* _WORK ITEM_
Without its pictures, the listing below is to be transcribed exactly.
### DATA BELOW ###
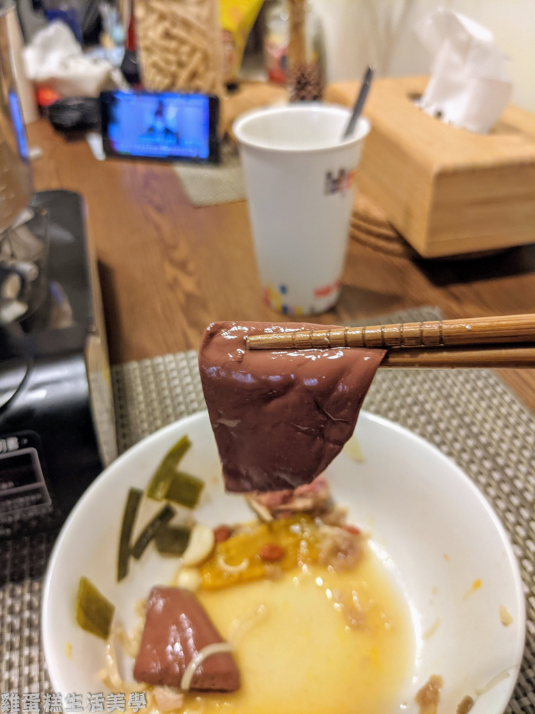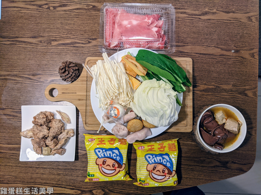▲我們外帶的兩人套餐,內容物為蒙古養身湯底(附鴨血和豆腐)、王子麵兩包、排骨酥、蔬菜、金針菇、南瓜、餃類,但兩人吃覺得有些不夠,建議加點其他配料。
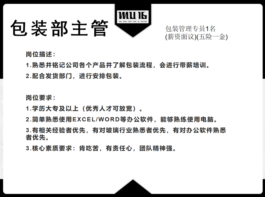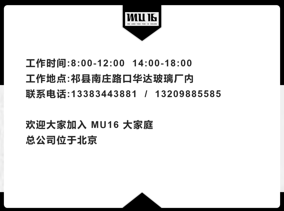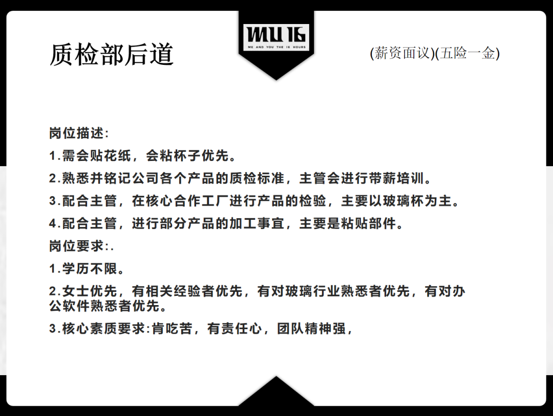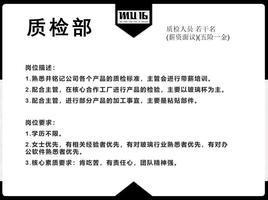 MU16供应链团队对外招聘诚聘:五险一金,待遇优厚,福利多多!!! MU16是立足于祁县的水晶器皿品牌,因业务扩大,现继续全面扩招 质检员两名以上,男女不限,有相关从业经验者优先,对办公软件熟悉者优先
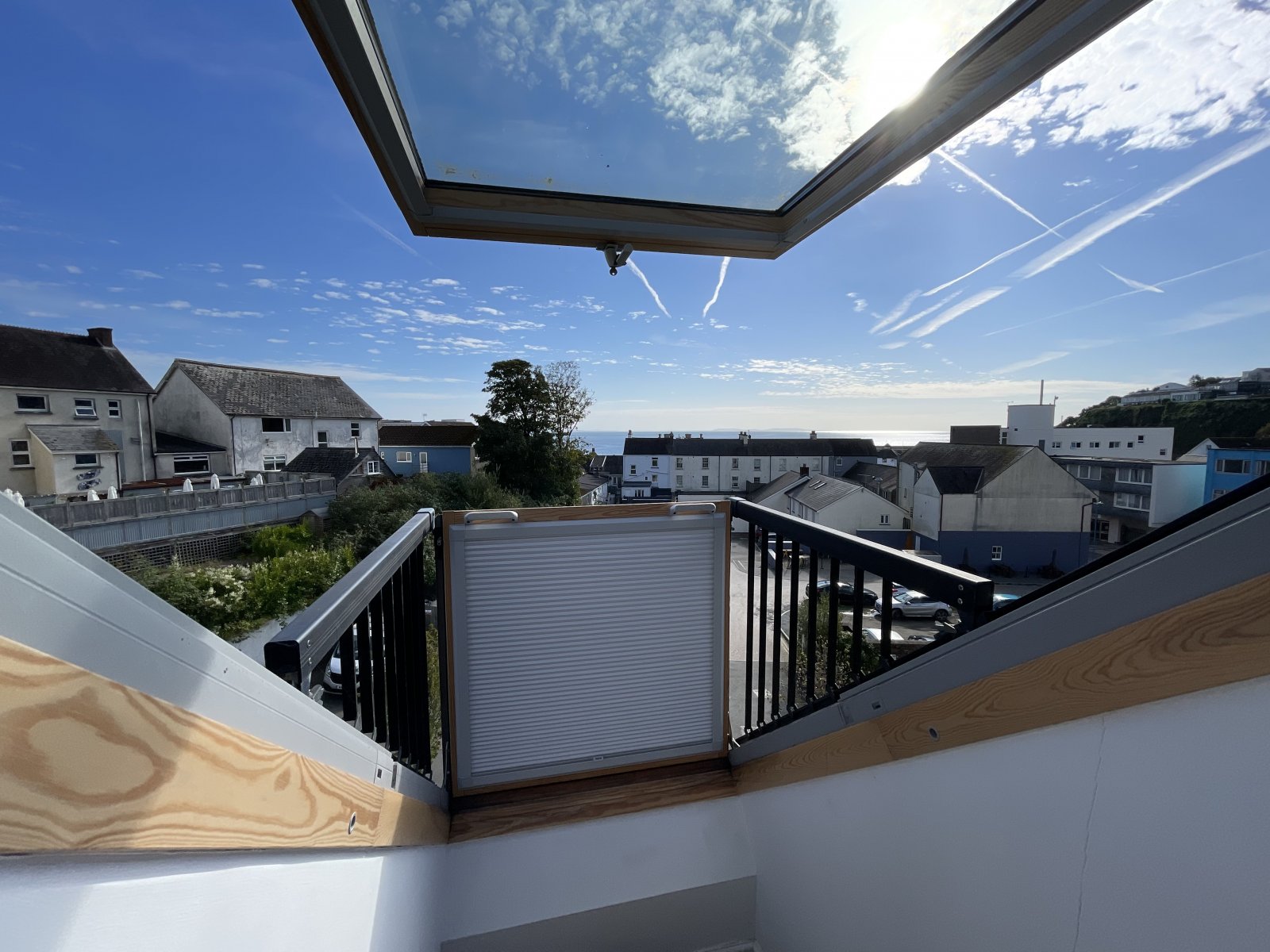 The Master Suite. Fitted set of wardrobes with mirrored façade, from the Waterstone designer home range. Walk-in storage closet. Fold-out balcony system Velux window, which is cleverly designed to smoothly transform from a Velux window to a protruding balcony in seconds. This affords stunning views towards the coastline and Monkstone Point. Solid Oak door to the master en-suite.
###
* _EXPECTED ANSWER_
▲我們外帶的兩人套餐,內容物為蒙古養身湯底(附鴨血和豆腐)、王子麵兩包、排骨酥、蔬菜、金針菇、南瓜、餃類,但兩人吃覺得有些不夠,建議加點其他配料。
 MU16供应链团队对外招聘诚聘:五险一金,待遇优厚,福利多多!!! MU16是立足于祁县的水晶器皿品牌,因业务扩大,现继续全面扩招 质检员两名以上,男女不限,有相关从业经验者优先,对办公软件熟悉者优先
 The Master Suite. Fitted set of wardrobes with mirrored façade, from the Waterstone designer home range. Walk-in storage closet. Fold-out balcony system Velux window, which is cleverly designed to smoothly transform from a Velux window to a protruding balcony in seconds. This affords stunning views towards the coastline and Monkstone Point. Solid Oak door to the master en-suite.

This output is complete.